Ben Chatham's CD Collection
In every installment, Ben often returns home, showers, gets drunk and listens to appalling music, no matter what the situation and these songs consist of:

Low - David Bowie
Heroes - David Bowie
Heathen - David Bowie
Tin Machine - Tin Machine
OK Computer - Radiohead
Kid A - Radiohead
Amnesiac - Radiohead
Viva Hate - Morrissey
Vauxhall & I - Morrissey
The Low & Heroes Symphonies - Philip Glass
Trans-Europe Express - Kraftwerk
Symphonies 2 & 3 - Philip Glass
Secrets of the Beehive - David Sylvian
Stories of Johnny - Marc Almond
Sense of Doubt - Bowie
Violin Concerto - Philip Glass
Symphony Op 21 - Anton Webern
Pathetique' Symphony - Tchaikovsky
Can’t Get You Out of My Head - Kylie Minogue
Firebird - Stravinsky

Outpost Sparacus
Following the release of Sparacus' first season, an OG member called Humbert began to dramatize the synopses as flash vids - animated movies using cut out photos, special effects and music. The dialogue was used as subtitles and the quality of the films (especially the improvement of the original plots) earned Humbert high regard from Sparacus and Outpost Gallifrey. Creating his own website to host the films, Humbert created Outpost Sparacus: http://www.wowbobwow.com/who/.

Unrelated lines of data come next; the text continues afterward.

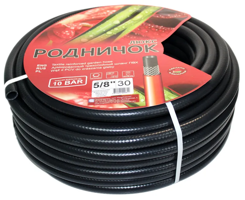 Шланг ПВХ поливочный армированный Родничок-Люкс 5/8" 20м (черный)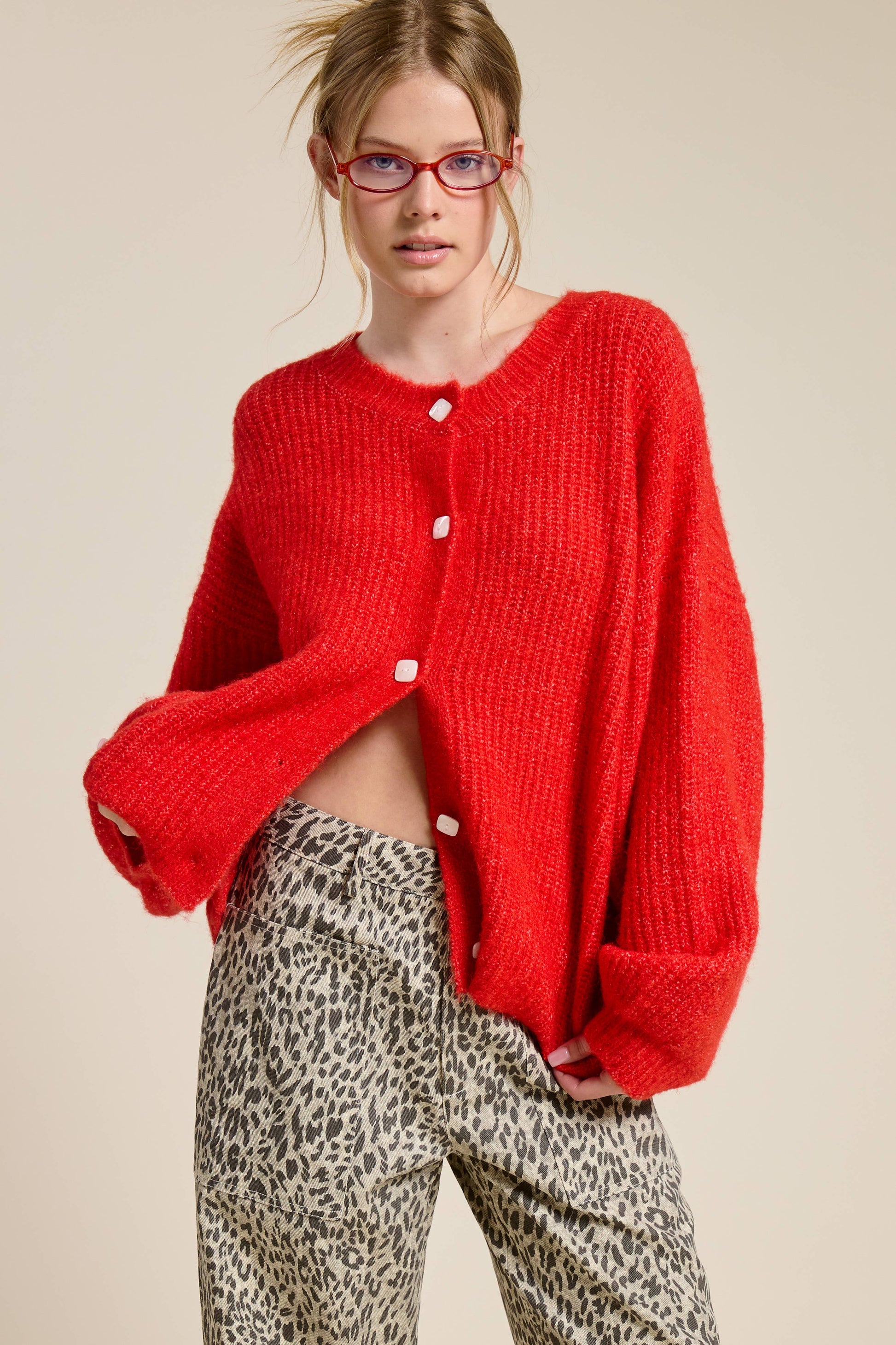 Crafted from a plush, textured knit, this oversized cozy cardigan features a ribbed round neckline and cuffs, exaggerated drop shoulders, a square button-up front, and balloon sleeves for an effortlessly relaxed silhouette. Complete with a regular-length fit, this chunky cardigan offers warmth with a modern edge.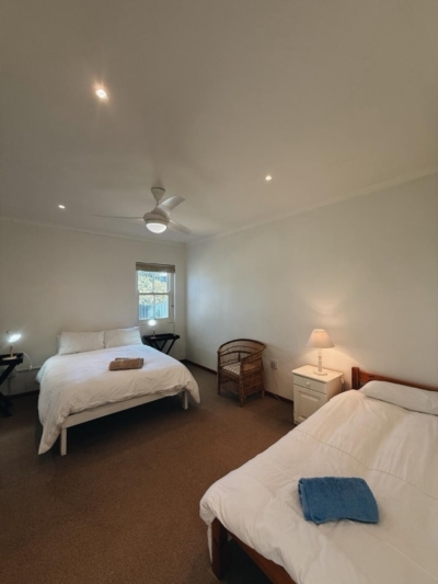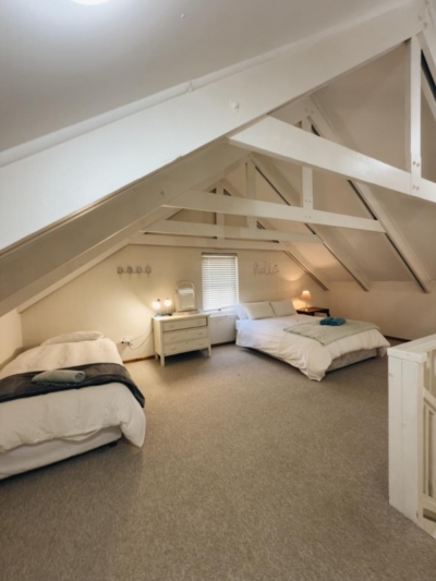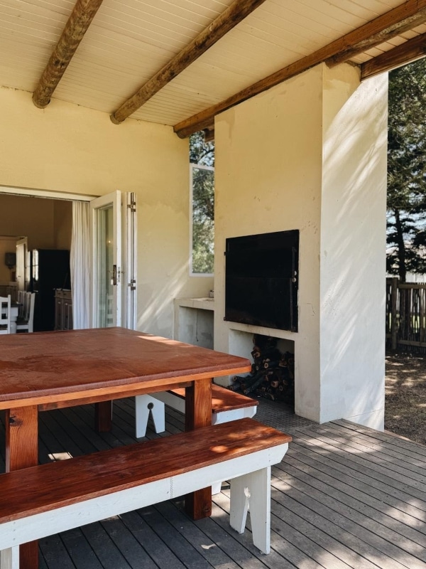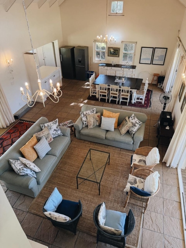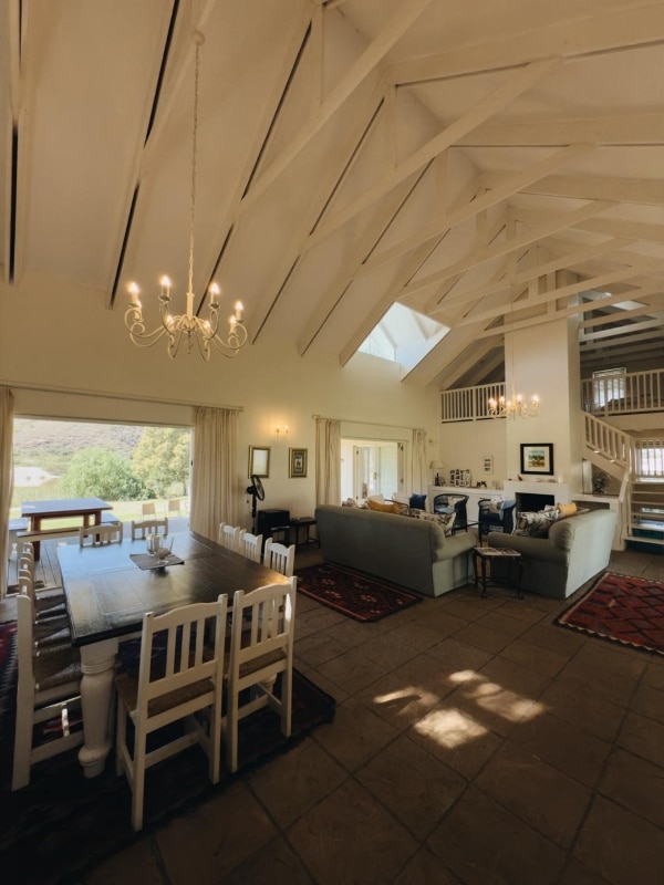 The main house features an open-plan living/dining room with a built-in fireplace and stack doors leading to an undercover patio with a built-in braai – perfect for alfresco dining. Bedrooms offer diverse views, including river vistas and lush backyard gardens. The loft, with its additional sleeping space, adds a touch of adventure. For added flexibility, Duikers Dash includes a separate flat with its kitchenette and two bedrooms.

Outpost Sparacus' design not only parodied Outpost Gallifrey but contained all the information about the flashvids including interviews, scripts and design contents. An opinion forum was constructed and rapidly recieved a flock of OGers joining up. However, Sparacus himself was unable to join the forum as for unknown reasons it refused to allow him to enter his own fan site. Despite some interesting speculation about Ben Chatham in Torchwood and a new Doctor Who companion in the form of Caroline Quentin, the lack of Sparacus lead to the forum being abandoned in less than a year and is no longer online.

The flashvids consisted of the first five Sparacus stories, while a script was written for the sixth it remains unproduced. The stories themselves improve in many ways - the Ben/Rose love angle is pushed firmly into the background and regular characters are treated with more respect - Sarah Jane remained a journalist in War and Peace, for example, and the cop-out ending of Fool's Errand was changed into a down-beat thriller chase. Also introduced was the running theme of 'bad fox' which appeared in all five episodes, usually describing some strange phenomena. The vids are no longer available for viewing and DVD-style covers have been made for the first three stories, and Death in the Cloisters and Lord of the Reedy River.